Mutagenesis of mNeptune Red-Shifts Emission Spectrum to 681-685 nm

GFP-like fluorescent proteins with diverse emission wavelengths have been developed through mutagenesis, offering many possible choices in cellular and tissue imaging, such as multi-targets imaging, deep tissue imaging that require longer emission wavelength. Here, we utilized a combined approach of random mutation and structure-based rational design to develop new NIR fluorescent proteins on the basis of a far-red fluorescent protein, mNeptune (Ex/Em: 600/650 nm). We created a number of new monomeric NIR fluorescent proteins with the emission range of 681–685 nm, which exhibit the largest Stocks shifts (77–80 nm) compared to other fluorescent proteins. Among them, mNeptune681 and mNeptune684 exhibit more than 30 nm redshift in emission relative to mNeptune, owing to the major role of the extensive hydrogen-bond network around the chromophore and contributions of individual mutations to the observed redshift. Furthermore, the two variants still maintain monomeric state in solution, which is a trait crucial for their use as protein tags. In conclusion, our results suggest that there is untapped potential for developing fluorescent proteins with desired properties.

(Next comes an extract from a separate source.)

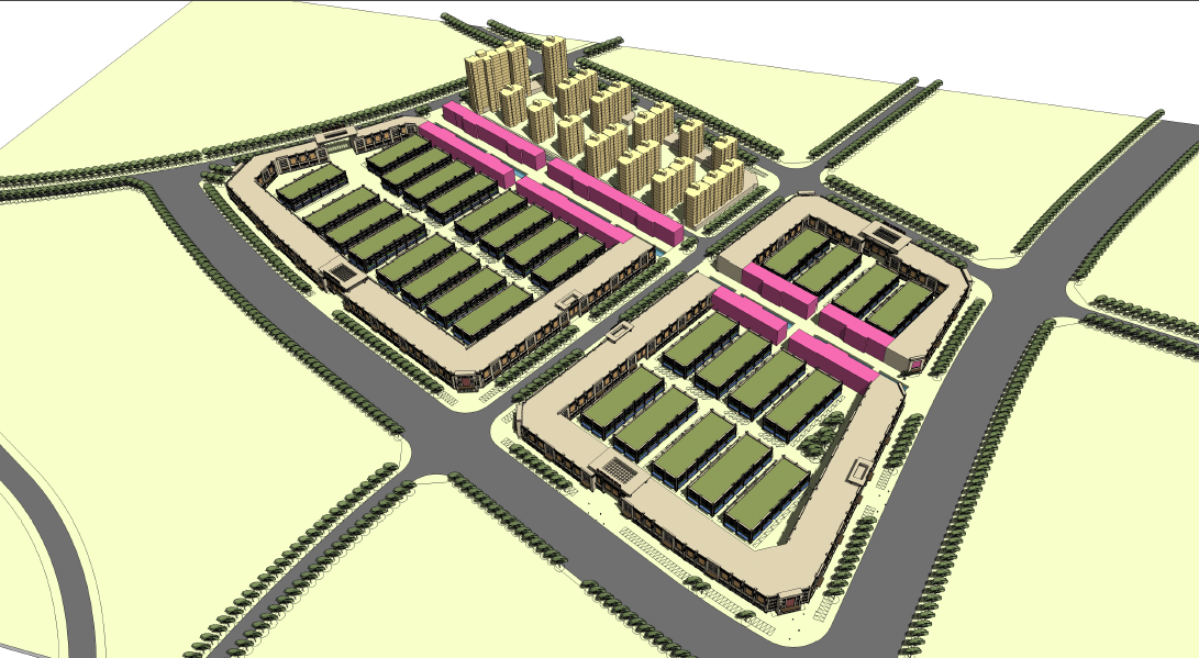 本項目總體布局分三個層次:第一層次為地塊北面緊鄰322國道,商業價值面最高,建議水泥路左側緊鄰國道處規劃箱體式建筑(預計引進主力品牌店紅星美凱龍家具建材賣場);水泥路右側沿國道處規劃三層商用物業,一層為臨街通鋪,二、三規劃商務酒店、辦公物業等;第二層次在地塊中間,以專業市場鋪面及冷庫、大車停車場功能規劃為主;第三層次為項目地塊東南側,緊鄰山體,自然環境較好且安靜,規劃高層居住物業。

通过诱变技术已开发出具备多样发射波长的类绿色荧光蛋白（GFP-like fluorescent proteins），为细胞与组织成像提供了丰富选择，涵盖多靶点成像、需更长发射波长的深层组织成像等应用场景。本研究基于远红色荧光蛋白mNeptune（激发/发射波长：600/650 nm），采用随机诱变与基于结构的理性设计相结合的策略，开发新型近红外（NIR）荧光蛋白。本研究获得了多款新型单体型近红外荧光蛋白，其发射波长范围为681~685 nm，相较其他荧光蛋白展现出最大的斯托克斯位移（Stokes shift，原文作Stocks shift）：77~80 nm。其中，mNeptune681与mNeptune684相较于原始的mNeptune，发射波长产生了超过30 nm的红移，这一现象源于生色团周围广泛的氢键网络所发挥的关键作用，以及各单点突变对观测到的红移的贡献。此外，这两种突变体在溶液中仍保持单体状态，这一特性对于其作为蛋白标签的应用至关重要。综上，本研究结果表明，开发具备理想特性的荧光蛋白仍存在尚未被充分挖掘的潜力。